Given the entries below, would you transcribe exactly the lines starting at the one with "どんな猫にも、動じません。 飼い猫の妹ととして迎えられたらいかがでしょうか? |" and ending at the one with "I didn’t linger", both kept, pictures omitted, nothing extra?

***** INFORMATION PROVIDED

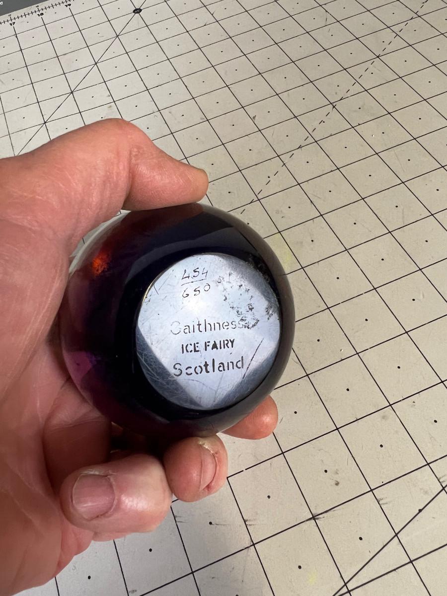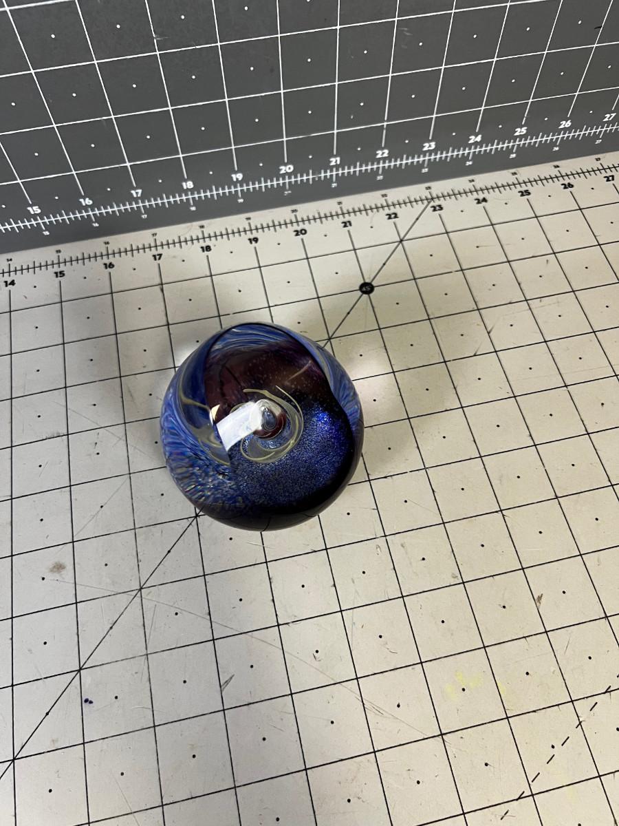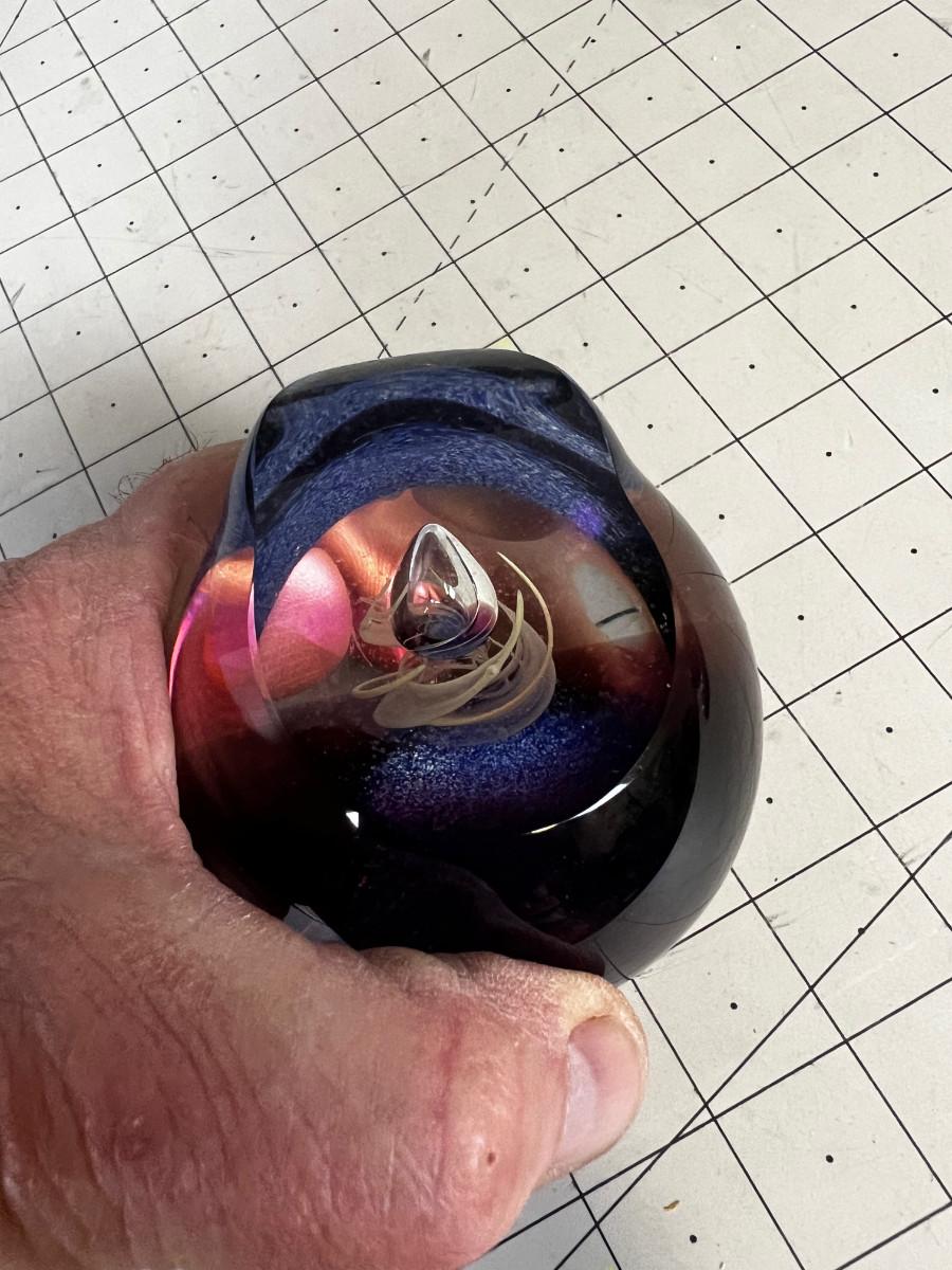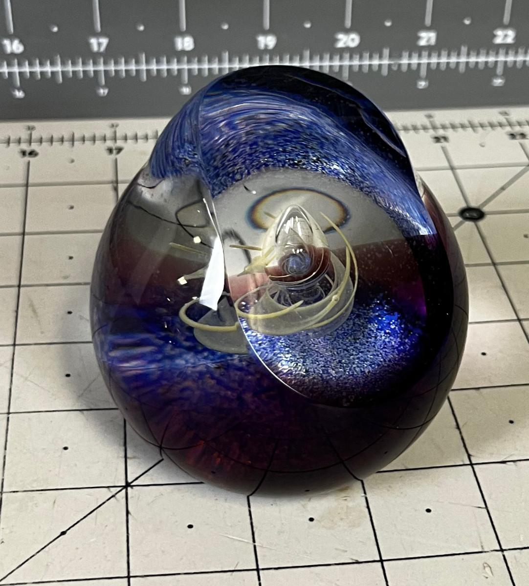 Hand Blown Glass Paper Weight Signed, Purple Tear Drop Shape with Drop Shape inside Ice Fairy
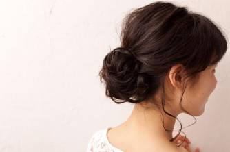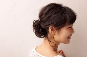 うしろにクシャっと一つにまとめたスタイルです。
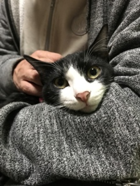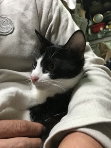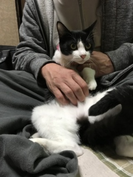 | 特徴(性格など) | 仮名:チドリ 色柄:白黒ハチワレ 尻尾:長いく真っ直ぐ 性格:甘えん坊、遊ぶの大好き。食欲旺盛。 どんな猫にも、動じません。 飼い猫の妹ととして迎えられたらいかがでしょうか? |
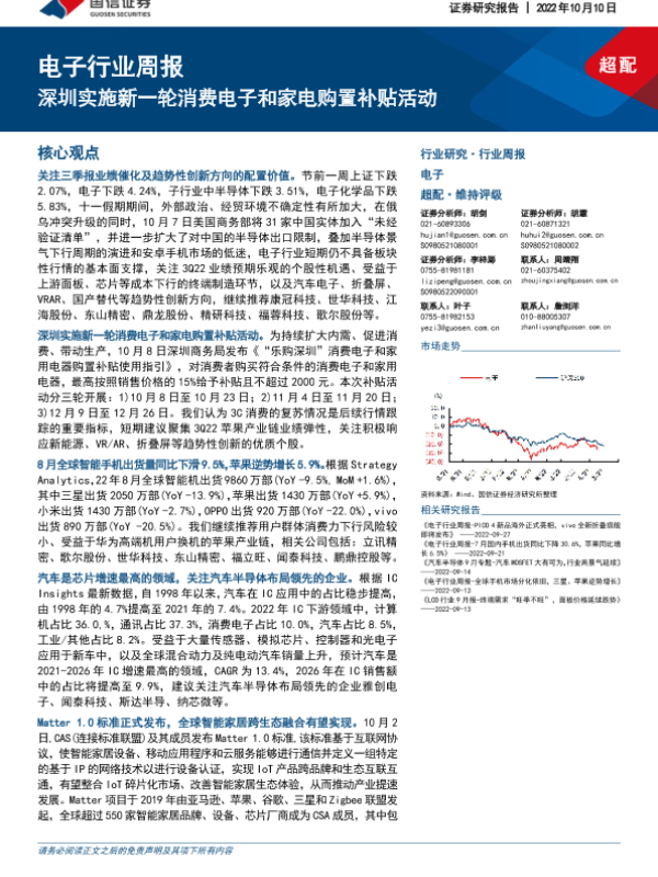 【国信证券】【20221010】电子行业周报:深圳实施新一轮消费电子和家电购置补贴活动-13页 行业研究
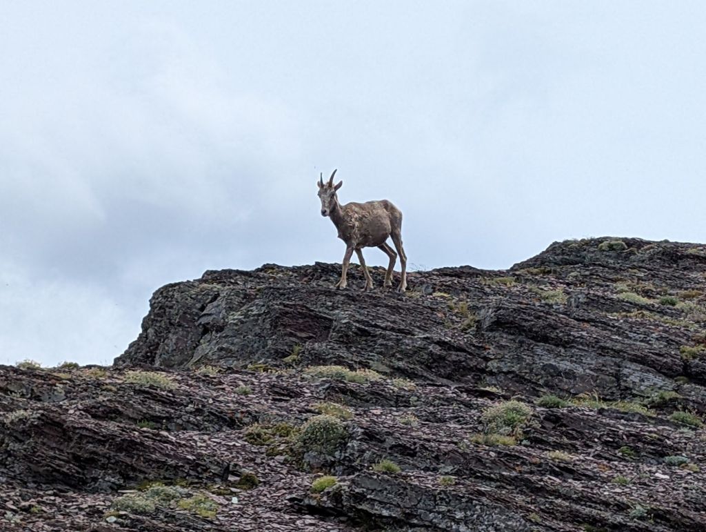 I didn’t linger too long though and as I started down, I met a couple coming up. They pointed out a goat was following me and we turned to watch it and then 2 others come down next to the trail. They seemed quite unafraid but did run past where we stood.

**********
***** INFORMATION PROVIDED

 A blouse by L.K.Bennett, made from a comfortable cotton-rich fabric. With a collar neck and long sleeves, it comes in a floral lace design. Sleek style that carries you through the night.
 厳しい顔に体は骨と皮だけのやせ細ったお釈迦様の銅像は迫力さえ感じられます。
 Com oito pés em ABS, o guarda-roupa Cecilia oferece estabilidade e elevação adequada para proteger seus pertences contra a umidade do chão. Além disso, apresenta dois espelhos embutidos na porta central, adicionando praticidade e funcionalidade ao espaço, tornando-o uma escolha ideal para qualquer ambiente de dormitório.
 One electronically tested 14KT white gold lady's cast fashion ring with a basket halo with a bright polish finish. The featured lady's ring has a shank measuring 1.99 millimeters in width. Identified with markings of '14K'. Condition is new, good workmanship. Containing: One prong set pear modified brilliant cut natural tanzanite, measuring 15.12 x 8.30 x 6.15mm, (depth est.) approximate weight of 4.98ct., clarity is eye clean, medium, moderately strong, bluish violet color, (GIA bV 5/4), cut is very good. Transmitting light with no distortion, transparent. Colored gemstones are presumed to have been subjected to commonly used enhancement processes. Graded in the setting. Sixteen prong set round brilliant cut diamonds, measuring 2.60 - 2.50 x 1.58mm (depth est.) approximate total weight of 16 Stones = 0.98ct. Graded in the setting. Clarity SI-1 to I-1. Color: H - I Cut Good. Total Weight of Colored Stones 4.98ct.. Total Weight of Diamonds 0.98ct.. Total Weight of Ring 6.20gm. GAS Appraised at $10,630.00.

**********

* [OUTPUT OF THE EXERCISE]:
 | 特徴(性格など) | 仮名:チドリ 色柄:白黒ハチワレ 尻尾:長いく真っ直ぐ 性格:甘えん坊、遊ぶの大好き。食欲旺盛。 どんな猫にも、動じません。 飼い猫の妹ととして迎えられたらいかがでしょうか? |
 【国信证券】【20221010】电子行业周报:深圳实施新一轮消费电子和家电购置补贴活动-13页 行业研究
 I didn’t linger too long though and as I started down, I met a couple coming up. They pointed out a goat was following me and we turned to watch it and then 2 others come down next to the trail. They seemed quite unafraid but did run past where we stood.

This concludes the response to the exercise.